Patterns of genetic structure among mosquito vector populations in islands have received particular attention as these are considered potentially suitable sites for experimental trials on transgenic-based malaria control strategies. In this study, levels of genetic differentiation have been estimated between populations of Anopheles gambiae s.s. from the islands of Bioko and Annobón, and from continental Equatorial Guinea (EG) and Gabon.
Genotyping of 11 microsatellite loci located in chromosome 3 was performed in three island samples (two in Bioko and one in Annobón) and three mainland samples (two in EG and one in Gabon). Four samples belonged to the M molecular form and two to the S-form. Microsatellite data was used to estimate genetic diversity parameters, perform demographic equilibrium tests and analyse population differentiation.
High levels of genetic differentiation were found between the more geographically remote island of Annobón and the continent, contrasting with the shallow differentiation between Bioko island, closest to mainland, and continental localities.

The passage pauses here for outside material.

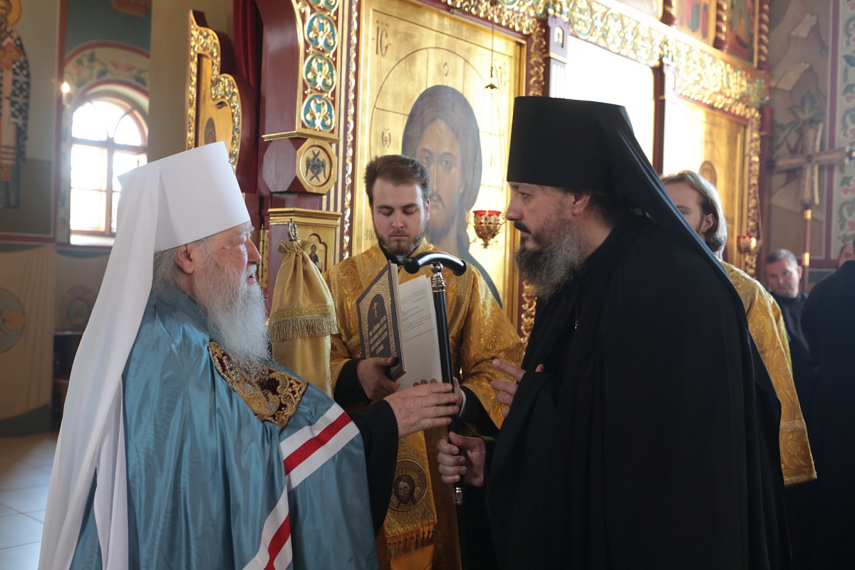 Я очень надеюсь, что ты, возлюбленный брат, начнешь полное духовное возрождение этой обители и, видя твои подвиги, и многие, я уверен, пророчески об этом говорю, устремятся в это святое место, чтобы служить Богу и людям в монашеском звании. С этой уверенностью я возглашаю полагающиеся при этом слова: "Прими сей жезл, имже утверждей паству свою, да правиши, яко и слово имаши отдати за ню нашему Богу во дни суда". Помогай тебе Господь, Матерь Божия и святые угодники Божии, основатели этой обители, и новомученики, которые кровью своей запечатлели верность Христу, и сейчас являются молитвенными предстателями за всех нас».

In Bioko, differentiation between M and S forms was higher than that observed between island and mainland samples of the same molecular form.

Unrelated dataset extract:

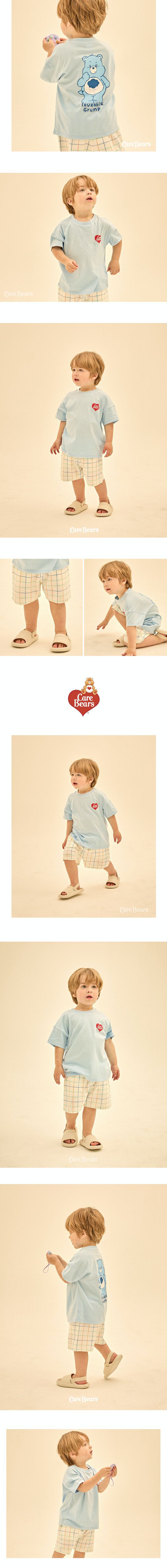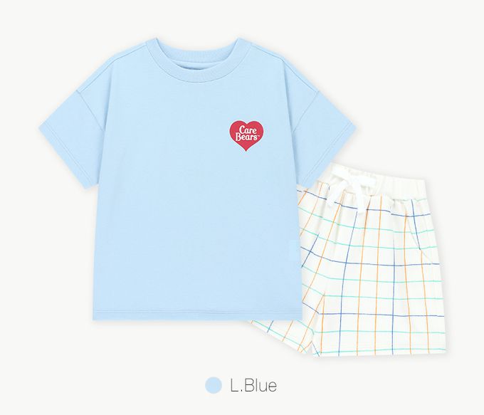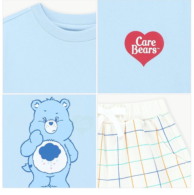 韓國 Care Bears - 聯名款憂鬱熊色線紋短褲套裝-天藍X白

The observed patterns of population structure seem to be governed by the presence of both physical (the ocean) and biological (the M-S form discontinuity) barriers to gene flow. The significant degree of genetic isolation between M and S forms detected by microsatellite loci located outside the "genomic islands" of speciation identified in A. gambiae s.s. further supports the hypothesis of on-going incipient speciation within this species. The implications of these findings regarding vector control strategies are discussed.